- Directed by: Damien O'Donnell
- Written by: Paul Fraser
- Produced by: Richard Jobson, Gina Carter
- Starring: Michael Sheen Mark Addy Mark Strong Celia Imrie Ruth Jones James Corden
- Edited by: Fran Parker
- Production companies: Miramax Films DNA Films
- Distributed by: Buena Vista International
- Release dates: 20 August 2002 (Edinburgh Film Festival); 27 August 2003;
- Running time: 90 minutes
- Country: United Kingdom
- Language: English

= Heartlands (film) =

2002 British film by Damien O'Donnell

Heartlands is a 2002 film directed by Damien O'Donnell and written by Paul Fraser. It is a comedy-drama-road movie, running at 90 minutes, produced in the United Kingdom. It was screened at the Edinburgh Film Festival.

==Plot==
Colin is a mild mannered newsagent who plays on his local darts team in the evenings. One night, he discovers his wife, Sandra, has been unfaithful with the dart team's captain, Geoff. When Colin confronts his wife about the affair, they have an argument and she leaves him. The darts team is going to a Regional finals in Blackpool, but Geoff drops Colin from the team and takes Sandra with him.

Colin's best friend, Zippy, advises him that if he does nothing, he will one day look back with regret. Motivated by this advice, Colin resolves to travel to Blackpool and express his love to his wife. He entrusts his newsagent shop to his loyal customers and embarks on his journey.

His first stop-off is at a motorway cafe, where he tries to strike up a conversation with a waitress, but his clumsy attempts at small talk are ignored.

In the evening, he heads into a biker pub. He chats with landlord, Ron, and his barmaid, Mandy. He also talks to one of the bikers, Ian, who challenges him to a game of darts. Colin then joins Ian and his girlfriend for a few drinks in the makeshift campsite at the back of the pub, and Ian persuades Colin to allow him to cut his hair. Colin attends a performance at the pub by English folk singer Kate Rusby. Colin spends the rest of the evening entertaining his new friends with darts stories of his hero, Eric Bristow, and toothbrush juggling around the campfire. When he wakes the next day, his new friends are gone, leaving a photo as a memento.

Taking a break to stretch his legs he meets an eco-warrior chained to a tree, and shares a cheese sandwich. Later he happens on a group of girl guides and spends a few hours in their company. He has a heart to heart with the guide leader, Sonja, explaining how he gave his wife everything she ever wanted, yet it was not enough. He heads up a highway, pulling in at a fork in the road. He climbs off his bike to check the map, and his moped is crushed under the wheels of a speeding lorry.

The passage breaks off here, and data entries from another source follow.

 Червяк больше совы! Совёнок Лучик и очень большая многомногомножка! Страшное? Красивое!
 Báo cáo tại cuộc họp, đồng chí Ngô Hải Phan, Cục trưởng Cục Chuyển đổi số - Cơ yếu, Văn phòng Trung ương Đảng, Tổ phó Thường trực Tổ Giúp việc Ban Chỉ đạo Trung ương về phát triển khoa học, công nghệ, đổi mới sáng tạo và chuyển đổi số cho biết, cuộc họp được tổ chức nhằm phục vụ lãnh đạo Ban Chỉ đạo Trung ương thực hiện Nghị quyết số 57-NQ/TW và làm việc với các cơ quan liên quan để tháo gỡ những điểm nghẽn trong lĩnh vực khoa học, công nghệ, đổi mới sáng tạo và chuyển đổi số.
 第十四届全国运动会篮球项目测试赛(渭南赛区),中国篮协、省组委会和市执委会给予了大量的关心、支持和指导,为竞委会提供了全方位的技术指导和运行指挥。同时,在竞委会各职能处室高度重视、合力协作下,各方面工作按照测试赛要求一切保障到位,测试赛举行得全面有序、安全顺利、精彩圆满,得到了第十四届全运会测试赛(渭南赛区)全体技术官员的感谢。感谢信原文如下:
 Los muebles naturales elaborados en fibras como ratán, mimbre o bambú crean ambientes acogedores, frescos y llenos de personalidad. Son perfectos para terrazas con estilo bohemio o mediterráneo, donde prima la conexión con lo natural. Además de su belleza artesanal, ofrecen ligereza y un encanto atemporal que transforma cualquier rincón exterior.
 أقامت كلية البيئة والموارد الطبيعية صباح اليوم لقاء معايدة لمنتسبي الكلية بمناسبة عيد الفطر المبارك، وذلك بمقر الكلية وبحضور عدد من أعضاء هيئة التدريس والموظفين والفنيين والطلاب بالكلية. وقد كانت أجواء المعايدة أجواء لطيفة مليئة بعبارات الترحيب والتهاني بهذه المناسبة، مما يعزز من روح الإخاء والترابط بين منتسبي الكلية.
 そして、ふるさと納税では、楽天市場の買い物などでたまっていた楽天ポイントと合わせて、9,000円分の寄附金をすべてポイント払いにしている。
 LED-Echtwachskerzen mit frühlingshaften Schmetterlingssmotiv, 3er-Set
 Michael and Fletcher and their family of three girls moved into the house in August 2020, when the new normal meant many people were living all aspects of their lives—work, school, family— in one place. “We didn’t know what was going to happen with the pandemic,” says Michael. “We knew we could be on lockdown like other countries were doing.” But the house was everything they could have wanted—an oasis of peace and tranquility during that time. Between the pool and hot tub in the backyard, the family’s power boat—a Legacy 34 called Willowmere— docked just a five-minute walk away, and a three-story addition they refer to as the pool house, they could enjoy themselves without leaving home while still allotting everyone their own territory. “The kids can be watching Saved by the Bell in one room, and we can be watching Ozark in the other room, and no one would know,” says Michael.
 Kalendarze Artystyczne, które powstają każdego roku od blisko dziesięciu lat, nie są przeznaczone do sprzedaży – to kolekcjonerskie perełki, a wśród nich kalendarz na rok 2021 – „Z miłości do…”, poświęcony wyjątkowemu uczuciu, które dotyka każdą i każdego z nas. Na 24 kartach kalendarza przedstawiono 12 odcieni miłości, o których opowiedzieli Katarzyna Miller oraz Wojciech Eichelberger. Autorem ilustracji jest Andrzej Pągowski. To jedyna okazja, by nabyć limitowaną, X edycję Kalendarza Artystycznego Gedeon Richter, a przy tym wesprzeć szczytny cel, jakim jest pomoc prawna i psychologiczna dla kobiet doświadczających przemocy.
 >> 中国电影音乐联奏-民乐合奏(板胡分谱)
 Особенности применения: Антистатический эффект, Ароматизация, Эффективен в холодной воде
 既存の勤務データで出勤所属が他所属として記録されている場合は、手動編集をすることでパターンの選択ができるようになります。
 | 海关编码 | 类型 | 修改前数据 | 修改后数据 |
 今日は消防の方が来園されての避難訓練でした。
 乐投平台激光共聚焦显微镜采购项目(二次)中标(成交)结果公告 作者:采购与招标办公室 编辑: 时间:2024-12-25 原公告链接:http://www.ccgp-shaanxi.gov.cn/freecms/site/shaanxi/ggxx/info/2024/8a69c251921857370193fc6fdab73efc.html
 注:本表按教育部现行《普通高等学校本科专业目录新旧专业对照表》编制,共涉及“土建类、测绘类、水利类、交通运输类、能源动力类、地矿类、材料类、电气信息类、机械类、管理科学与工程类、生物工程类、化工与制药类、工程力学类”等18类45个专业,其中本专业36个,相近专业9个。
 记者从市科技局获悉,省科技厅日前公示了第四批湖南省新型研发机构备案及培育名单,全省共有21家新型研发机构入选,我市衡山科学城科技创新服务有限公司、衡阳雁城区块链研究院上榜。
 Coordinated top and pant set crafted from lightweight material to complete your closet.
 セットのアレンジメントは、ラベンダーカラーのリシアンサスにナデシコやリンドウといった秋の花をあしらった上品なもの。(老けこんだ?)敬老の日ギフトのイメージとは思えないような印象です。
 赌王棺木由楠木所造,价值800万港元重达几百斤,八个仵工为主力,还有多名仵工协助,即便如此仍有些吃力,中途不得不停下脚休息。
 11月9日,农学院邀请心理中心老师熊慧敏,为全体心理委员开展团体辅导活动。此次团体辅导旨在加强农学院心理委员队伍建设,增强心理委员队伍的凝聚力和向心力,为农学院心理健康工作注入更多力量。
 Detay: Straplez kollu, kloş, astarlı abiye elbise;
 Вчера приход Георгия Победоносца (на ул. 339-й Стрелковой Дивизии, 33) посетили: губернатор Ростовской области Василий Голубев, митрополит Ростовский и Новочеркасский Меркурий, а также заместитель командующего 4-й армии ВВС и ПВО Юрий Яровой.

While walking along the road, he is passed by Ron, who is taking Mandy to Blackpool for a dirty weekend. She brought her daughter along with her, seeing this weekend as more of an opportunity to get away with her kid. In Blackpool, Ron asks Colin to return the favour of the lift by taking the kid out of the way for a few hours. Ron chats up the hotel receptionist, so Colin takes Mandy and her daughter out for a stroll.

The three of them have fun at a fair. Come evening, Colin says he needs to go find his friends. As he is walking around the town, he sees his wife. Colin runs in the opposite direction and spends the night on a sea front bench. The next day he goes to the darts finals.

He finds Geoff having an argument with the opposing team, which deteriorates into a brawl. He asks Sandra if she would mind stepping out for a chat, and despite Geoff trying to stop her, she agrees. She tearfully confesses her regret and that she no longer wants to be involved with Geoff. She realizes that she has been very stupid, and is looking for forgiveness. Colin tells her that though he loves her, he does not want to go back to his old life, wishing to continue experiencing the wider world. He offers her the newsagent and wishes her well.

Colin walks past a cafe and nods a hello to his hero, Eric Bristow, who nods in return. Colin gets a new moped, and gets back on the road. Mandy and her daughter wave at Colin from a bus.